### YOUR INSTRUCTIONS
Every line from the one with "contient : une" to the one with "Model SL.09.2344.4.06 marki", including those two, is to be copied exactly; all other lines of the entries below are left out.

+++++

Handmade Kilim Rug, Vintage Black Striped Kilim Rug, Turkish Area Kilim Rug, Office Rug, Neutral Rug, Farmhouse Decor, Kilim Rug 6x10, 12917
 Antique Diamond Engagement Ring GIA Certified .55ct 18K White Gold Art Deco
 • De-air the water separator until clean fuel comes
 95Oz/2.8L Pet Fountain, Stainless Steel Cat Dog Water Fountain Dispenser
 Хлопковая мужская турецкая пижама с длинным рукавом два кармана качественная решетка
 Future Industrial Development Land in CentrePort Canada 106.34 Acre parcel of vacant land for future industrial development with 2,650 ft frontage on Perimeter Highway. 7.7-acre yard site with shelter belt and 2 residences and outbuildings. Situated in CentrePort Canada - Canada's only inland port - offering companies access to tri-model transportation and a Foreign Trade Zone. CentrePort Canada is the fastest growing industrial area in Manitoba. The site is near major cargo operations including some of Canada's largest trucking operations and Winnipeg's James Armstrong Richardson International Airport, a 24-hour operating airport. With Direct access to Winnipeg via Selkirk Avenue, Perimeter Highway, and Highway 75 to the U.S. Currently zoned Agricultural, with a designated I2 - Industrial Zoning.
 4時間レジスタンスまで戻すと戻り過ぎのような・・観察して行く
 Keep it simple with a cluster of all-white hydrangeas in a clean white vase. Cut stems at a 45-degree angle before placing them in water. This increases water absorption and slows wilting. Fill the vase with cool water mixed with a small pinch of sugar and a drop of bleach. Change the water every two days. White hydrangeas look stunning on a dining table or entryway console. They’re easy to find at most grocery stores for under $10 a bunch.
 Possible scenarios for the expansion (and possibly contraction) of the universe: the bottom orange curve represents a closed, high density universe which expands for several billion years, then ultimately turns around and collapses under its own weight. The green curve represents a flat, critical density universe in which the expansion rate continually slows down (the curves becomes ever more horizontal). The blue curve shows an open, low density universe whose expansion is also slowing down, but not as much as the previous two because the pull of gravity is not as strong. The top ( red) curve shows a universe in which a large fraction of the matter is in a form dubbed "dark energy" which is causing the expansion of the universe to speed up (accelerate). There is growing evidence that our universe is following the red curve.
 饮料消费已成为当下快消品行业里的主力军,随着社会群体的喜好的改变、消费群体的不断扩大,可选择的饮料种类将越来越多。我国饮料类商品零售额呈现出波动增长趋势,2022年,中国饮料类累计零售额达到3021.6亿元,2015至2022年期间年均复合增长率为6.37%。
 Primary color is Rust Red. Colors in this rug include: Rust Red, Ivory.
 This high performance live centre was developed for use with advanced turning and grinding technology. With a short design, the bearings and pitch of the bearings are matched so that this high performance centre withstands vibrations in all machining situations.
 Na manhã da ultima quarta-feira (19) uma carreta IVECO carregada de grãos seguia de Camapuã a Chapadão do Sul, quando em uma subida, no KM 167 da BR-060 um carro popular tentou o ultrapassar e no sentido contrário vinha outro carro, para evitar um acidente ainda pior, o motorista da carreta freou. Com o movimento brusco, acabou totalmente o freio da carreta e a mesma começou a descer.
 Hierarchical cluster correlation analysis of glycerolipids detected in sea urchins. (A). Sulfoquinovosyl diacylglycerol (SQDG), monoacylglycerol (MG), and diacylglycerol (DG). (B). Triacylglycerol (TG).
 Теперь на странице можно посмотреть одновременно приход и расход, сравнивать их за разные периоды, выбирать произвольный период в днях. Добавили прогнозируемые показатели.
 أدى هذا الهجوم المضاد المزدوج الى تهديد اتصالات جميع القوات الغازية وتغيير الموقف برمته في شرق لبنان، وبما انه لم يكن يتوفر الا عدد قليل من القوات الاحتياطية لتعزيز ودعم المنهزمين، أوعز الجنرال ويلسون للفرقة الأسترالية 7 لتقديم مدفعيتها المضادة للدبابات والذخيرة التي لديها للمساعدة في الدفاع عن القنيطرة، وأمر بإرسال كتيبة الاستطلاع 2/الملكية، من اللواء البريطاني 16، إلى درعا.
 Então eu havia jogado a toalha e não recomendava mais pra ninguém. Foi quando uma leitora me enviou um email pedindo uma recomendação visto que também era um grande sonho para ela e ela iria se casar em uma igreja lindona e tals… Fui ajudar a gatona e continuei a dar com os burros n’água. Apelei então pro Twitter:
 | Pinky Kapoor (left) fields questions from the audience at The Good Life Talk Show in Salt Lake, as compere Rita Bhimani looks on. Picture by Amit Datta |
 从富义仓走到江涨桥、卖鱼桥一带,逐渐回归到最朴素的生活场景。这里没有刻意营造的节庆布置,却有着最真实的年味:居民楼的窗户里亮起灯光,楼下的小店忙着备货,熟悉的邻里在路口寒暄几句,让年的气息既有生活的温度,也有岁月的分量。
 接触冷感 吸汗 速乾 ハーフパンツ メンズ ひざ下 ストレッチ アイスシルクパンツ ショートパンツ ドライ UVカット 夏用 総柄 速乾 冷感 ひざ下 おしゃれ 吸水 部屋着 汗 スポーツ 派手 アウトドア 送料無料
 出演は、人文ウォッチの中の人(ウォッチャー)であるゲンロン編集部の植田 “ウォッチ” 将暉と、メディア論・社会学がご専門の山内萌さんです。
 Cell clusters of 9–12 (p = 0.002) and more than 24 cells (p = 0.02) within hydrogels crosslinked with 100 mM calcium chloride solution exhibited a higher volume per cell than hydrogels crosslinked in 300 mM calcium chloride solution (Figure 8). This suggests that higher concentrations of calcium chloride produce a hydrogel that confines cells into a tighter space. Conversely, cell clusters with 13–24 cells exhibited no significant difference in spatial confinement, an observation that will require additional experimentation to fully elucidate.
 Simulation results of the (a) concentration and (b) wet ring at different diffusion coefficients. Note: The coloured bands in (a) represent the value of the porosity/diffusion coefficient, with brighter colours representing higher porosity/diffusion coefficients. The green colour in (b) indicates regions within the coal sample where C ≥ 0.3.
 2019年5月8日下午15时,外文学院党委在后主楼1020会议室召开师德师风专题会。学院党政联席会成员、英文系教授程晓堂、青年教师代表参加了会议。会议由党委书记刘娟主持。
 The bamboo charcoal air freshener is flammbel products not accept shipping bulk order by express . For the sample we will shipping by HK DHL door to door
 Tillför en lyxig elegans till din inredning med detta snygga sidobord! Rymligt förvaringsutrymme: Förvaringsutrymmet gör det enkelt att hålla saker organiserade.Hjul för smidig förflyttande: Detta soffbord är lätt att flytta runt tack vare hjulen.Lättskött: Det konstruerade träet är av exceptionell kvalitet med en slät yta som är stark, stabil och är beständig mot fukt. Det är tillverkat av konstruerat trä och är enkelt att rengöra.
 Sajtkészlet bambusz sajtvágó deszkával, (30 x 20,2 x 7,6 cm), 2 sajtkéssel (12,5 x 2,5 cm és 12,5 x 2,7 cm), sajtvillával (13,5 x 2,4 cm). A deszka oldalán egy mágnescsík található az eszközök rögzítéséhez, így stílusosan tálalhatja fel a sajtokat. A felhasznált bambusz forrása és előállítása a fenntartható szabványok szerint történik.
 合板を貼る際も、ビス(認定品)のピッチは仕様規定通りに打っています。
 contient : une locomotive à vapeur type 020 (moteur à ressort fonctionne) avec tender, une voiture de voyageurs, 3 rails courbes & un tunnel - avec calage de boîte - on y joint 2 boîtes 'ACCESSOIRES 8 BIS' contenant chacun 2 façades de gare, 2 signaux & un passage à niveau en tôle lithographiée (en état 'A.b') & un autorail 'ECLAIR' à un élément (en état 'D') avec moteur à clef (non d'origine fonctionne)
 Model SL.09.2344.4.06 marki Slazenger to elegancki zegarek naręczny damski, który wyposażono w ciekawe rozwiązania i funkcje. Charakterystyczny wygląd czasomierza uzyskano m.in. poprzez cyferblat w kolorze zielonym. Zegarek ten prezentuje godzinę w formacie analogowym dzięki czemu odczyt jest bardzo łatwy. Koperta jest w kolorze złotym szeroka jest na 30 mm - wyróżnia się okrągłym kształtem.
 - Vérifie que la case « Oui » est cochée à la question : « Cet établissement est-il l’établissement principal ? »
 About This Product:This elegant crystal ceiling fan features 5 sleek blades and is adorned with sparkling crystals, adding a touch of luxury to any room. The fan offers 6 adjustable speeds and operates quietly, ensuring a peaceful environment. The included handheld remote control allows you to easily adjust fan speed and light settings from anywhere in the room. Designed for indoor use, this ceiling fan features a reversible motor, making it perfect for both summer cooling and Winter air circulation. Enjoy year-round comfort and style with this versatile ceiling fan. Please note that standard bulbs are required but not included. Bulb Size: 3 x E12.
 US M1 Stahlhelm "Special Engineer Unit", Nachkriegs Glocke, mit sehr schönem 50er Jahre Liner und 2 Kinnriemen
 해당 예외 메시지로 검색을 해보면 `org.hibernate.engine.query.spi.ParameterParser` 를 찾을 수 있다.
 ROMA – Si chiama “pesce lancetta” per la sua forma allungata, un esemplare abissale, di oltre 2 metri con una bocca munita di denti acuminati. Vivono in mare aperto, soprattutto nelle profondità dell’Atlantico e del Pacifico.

+++++

### TASK RESULT
 contient : une locomotive à vapeur type 020 (moteur à ressort fonctionne) avec tender, une voiture de voyageurs, 3 rails courbes & un tunnel - avec calage de boîte - on y joint 2 boîtes 'ACCESSOIRES 8 BIS' contenant chacun 2 façades de gare, 2 signaux & un passage à niveau en tôle lithographiée (en état 'A.b') & un autorail 'ECLAIR' à un élément (en état 'D') avec moteur à clef (non d'origine fonctionne)
 Model SL.09.2344.4.06 marki Slazenger to elegancki zegarek naręczny damski, który wyposażono w ciekawe rozwiązania i funkcje. Charakterystyczny wygląd czasomierza uzyskano m.in. poprzez cyferblat w kolorze zielonym. Zegarek ten prezentuje godzinę w formacie analogowym dzięki czemu odczyt jest bardzo łatwy. Koperta jest w kolorze złotym szeroka jest na 30 mm - wyróżnia się okrągłym kształtem.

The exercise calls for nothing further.